TASK DETAILS: Beginning with the line that has "Wystawa na placu" and ending with the line that has "Trendfarben für den Herbst 2018", retype the entries below exactly, except for the pictures.

· · ·

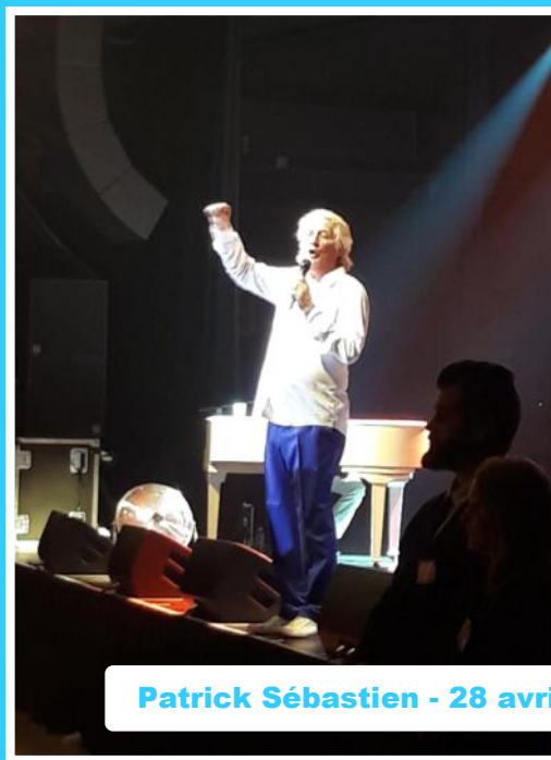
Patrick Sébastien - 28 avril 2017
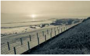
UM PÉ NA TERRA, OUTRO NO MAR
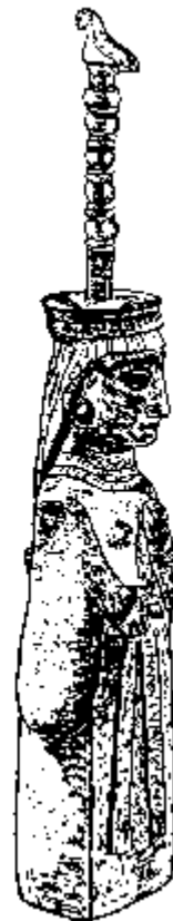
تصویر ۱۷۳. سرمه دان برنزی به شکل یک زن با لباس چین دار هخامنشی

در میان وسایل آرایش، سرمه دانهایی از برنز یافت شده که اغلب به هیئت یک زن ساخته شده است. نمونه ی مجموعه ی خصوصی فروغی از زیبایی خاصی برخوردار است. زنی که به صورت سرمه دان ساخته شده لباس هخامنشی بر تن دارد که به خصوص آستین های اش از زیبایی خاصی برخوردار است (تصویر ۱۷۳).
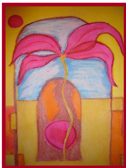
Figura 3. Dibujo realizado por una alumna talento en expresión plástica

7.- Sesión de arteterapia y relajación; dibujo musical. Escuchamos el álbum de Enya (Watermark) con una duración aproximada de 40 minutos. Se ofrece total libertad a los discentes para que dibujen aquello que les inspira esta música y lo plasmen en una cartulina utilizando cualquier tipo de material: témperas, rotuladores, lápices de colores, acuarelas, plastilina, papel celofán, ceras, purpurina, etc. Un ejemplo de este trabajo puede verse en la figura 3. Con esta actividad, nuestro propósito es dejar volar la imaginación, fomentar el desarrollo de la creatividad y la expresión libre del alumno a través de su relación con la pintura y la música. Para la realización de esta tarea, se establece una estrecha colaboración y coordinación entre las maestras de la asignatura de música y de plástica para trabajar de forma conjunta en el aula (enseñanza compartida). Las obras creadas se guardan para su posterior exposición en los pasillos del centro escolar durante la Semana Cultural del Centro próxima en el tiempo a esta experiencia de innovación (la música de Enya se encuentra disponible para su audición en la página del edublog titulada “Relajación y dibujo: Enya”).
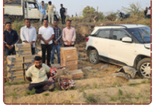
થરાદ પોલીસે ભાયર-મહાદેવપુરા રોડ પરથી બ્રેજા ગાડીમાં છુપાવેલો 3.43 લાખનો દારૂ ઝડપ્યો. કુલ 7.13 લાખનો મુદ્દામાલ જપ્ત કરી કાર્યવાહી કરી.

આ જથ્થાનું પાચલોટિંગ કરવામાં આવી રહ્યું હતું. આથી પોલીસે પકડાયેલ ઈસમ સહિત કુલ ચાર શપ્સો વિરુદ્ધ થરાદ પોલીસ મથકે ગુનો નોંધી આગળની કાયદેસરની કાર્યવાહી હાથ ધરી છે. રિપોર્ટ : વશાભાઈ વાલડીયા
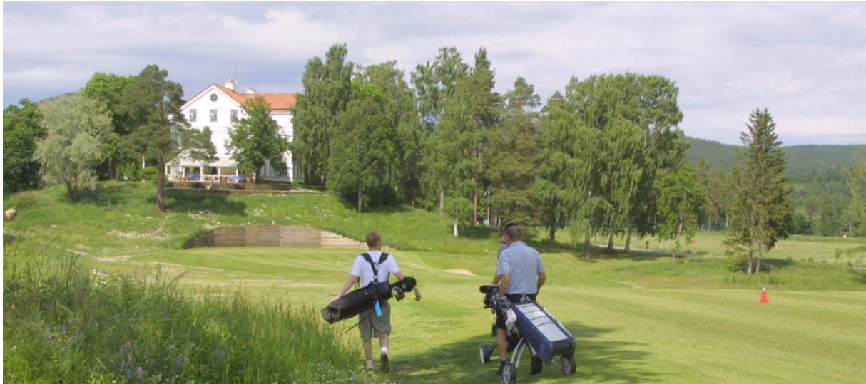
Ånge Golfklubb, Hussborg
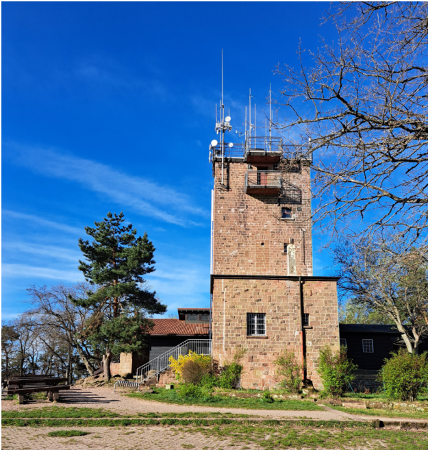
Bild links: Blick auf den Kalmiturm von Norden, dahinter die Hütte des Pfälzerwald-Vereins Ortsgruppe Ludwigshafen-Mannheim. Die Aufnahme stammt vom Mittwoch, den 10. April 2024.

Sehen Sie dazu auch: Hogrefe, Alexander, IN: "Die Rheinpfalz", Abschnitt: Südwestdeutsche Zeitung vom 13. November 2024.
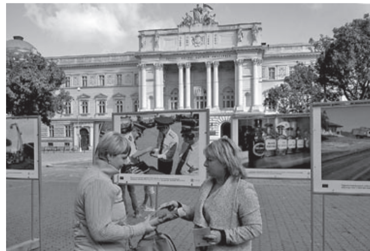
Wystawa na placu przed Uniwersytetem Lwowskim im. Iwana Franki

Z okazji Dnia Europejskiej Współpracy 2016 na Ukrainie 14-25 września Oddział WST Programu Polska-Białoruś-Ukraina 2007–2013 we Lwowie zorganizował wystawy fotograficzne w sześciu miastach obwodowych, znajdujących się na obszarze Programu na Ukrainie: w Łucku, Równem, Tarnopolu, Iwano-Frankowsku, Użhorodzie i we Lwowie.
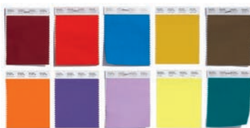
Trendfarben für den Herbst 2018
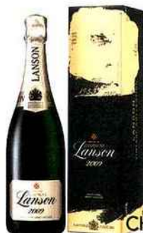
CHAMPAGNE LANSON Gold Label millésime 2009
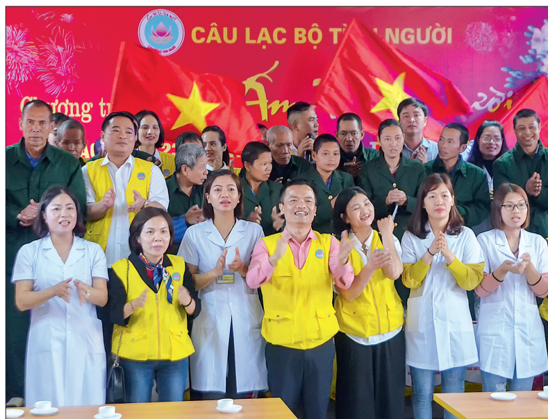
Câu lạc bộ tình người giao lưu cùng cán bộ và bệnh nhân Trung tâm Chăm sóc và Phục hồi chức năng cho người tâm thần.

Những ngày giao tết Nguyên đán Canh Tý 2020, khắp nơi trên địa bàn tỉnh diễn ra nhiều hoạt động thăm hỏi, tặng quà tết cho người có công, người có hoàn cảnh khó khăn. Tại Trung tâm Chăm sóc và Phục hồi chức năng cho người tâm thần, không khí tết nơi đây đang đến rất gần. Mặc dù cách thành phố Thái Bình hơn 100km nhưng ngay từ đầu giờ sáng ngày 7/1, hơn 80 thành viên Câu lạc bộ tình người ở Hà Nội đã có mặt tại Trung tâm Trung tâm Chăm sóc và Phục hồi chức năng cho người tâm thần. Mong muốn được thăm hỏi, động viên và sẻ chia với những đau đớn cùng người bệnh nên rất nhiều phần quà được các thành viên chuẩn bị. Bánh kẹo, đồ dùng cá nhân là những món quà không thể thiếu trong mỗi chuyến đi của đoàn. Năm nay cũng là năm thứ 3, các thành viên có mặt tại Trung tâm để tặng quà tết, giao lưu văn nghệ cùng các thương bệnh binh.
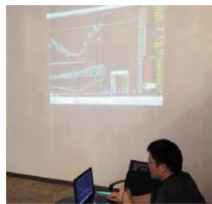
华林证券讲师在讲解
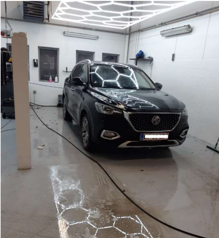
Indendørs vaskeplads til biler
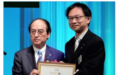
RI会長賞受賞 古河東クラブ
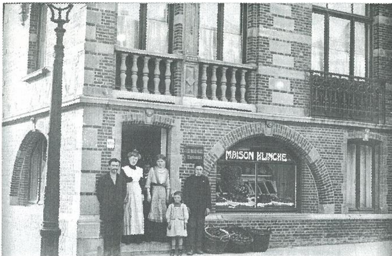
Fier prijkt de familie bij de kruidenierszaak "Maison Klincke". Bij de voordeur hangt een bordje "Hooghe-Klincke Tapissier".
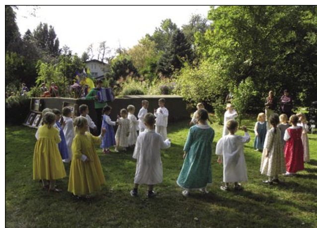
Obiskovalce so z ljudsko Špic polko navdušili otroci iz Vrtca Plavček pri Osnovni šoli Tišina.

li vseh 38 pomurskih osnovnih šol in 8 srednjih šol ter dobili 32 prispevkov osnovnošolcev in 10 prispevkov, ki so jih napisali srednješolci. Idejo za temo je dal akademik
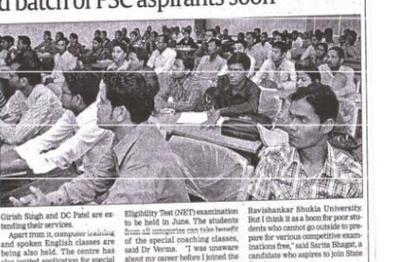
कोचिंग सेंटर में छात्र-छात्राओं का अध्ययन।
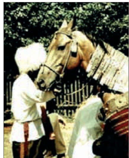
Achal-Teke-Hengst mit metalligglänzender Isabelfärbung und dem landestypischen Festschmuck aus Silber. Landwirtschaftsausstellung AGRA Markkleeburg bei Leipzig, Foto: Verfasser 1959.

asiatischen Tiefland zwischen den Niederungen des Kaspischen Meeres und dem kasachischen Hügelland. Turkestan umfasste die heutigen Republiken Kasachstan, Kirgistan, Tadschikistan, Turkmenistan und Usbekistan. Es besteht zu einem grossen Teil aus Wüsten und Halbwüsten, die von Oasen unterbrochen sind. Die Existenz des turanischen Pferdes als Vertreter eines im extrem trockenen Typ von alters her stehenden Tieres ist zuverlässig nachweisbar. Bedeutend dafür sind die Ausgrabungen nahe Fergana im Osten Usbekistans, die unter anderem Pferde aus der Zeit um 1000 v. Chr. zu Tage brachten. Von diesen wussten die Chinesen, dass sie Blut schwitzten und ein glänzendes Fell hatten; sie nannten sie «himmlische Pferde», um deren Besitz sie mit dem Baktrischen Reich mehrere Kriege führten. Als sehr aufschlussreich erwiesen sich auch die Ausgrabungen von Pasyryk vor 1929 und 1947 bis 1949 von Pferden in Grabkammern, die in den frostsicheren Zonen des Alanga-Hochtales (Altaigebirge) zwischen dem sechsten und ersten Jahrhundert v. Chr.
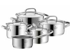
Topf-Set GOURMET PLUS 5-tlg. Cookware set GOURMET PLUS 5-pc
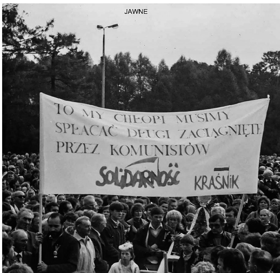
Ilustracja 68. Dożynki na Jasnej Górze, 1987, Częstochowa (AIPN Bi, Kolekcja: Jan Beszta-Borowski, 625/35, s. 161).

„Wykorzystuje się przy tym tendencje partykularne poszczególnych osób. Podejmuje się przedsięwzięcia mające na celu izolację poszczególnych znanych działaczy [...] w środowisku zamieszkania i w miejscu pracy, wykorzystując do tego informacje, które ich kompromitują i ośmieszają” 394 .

· · ·

ANSWER FOR THE TASK:
Wystawa na placu przed Uniwersytetem Lwowskim im. Iwana Franki

Z okazji Dnia Europejskiej Współpracy 2016 na Ukrainie 14-25 września Oddział WST Programu Polska-Białoruś-Ukraina 2007–2013 we Lwowie zorganizował wystawy fotograficzne w sześciu miastach obwodowych, znajdujących się na obszarze Programu na Ukrainie: w Łucku, Równem, Tarnopolu, Iwano-Frankowsku, Użhorodzie i we Lwowie.
Trendfarben für den Herbst 2018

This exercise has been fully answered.